The SAM exhibit tries to juxtapose those early, sad, disappointed paintings of Gauguin with magnificent examples of early Tikis and native sculptures. Intricate, beautiful, voluptuous, they give an idea of what Gauguin must have been looking for.
There is a poignant portrait of Tehamana (Tehamana Has Many Parents), Gauguin’s Tahitian mistress that says a lot about the artist’s hopes. She is presented in a missionary dress, but behind her are cryptic Polynesian carvings and writings. It also reveals Gauguin’s less savory side. The girl is 12 or 13.

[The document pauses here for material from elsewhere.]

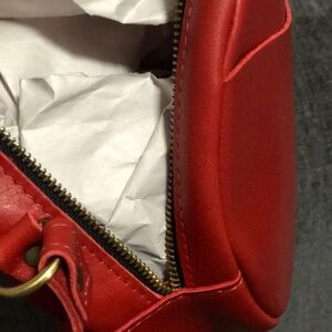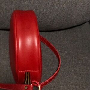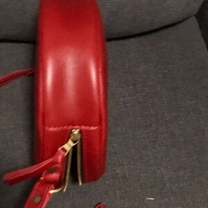 Beautiful large circle crossbody bag in the discontinued color ruby. It is preowned in like new condition. The inside is an unlined suede finish. It has a large outside pocket that wood be great for your phone or keys. The leather texture is smooth not pebbled and it has a large inside pocket as well. This bag comes from a smoke free home. The hardware is brass. The brand is Portland Leather Goods. This bags original retail price was $250.00.

Gauguin returned to France, wrote a highly romanticized account of the islands, and struggled with his return to French life. He left his heart, it seems, was in Tahiti. But Tahiti left part of its tragic history in him as well. He had contracted syphilis. He went back. And this time, because the beauty he sought wasn’t really there, he painted dream paintings of an exotic world instead. It’s these paintings that form the basis of Gauguin’s reputation and lasting popularity, though few of them were sold in his lifetime.
And his proclivity for getting into scrapes with people, particularly officials, never ceased. He was run out of island after island it seems. One scrape, this time in the Marquesas Islands, where he put a kind of Polynesia sexual playhouse together, was about to lead to a prison sentence when, in 1903, he died of an overdose of morphine. He was a very old 54.
As with van Gogh, it’s hard to separate Gauguin’s work from his life. His sad story, his hopes, his realizations, his pyrrhic victories, his dissolution are completely presented in the SAM show. The exhibition lays out the simple truth of the artist’s life: a promise unkept is different than living a lie.
Special events associated with the exhibit include SAM’s after-hours Remix, on February 24 from 7:30 p.m. to 12:30 a.m. (Nonmembers $25, Students $20, SAM members $12) and a talk from Musée d’Orsay curator Stéphane Guégan on Gauguin, on March 8 at 7 p.m. (Nonmembers $10; Seniors and Students $8, SAM members $5).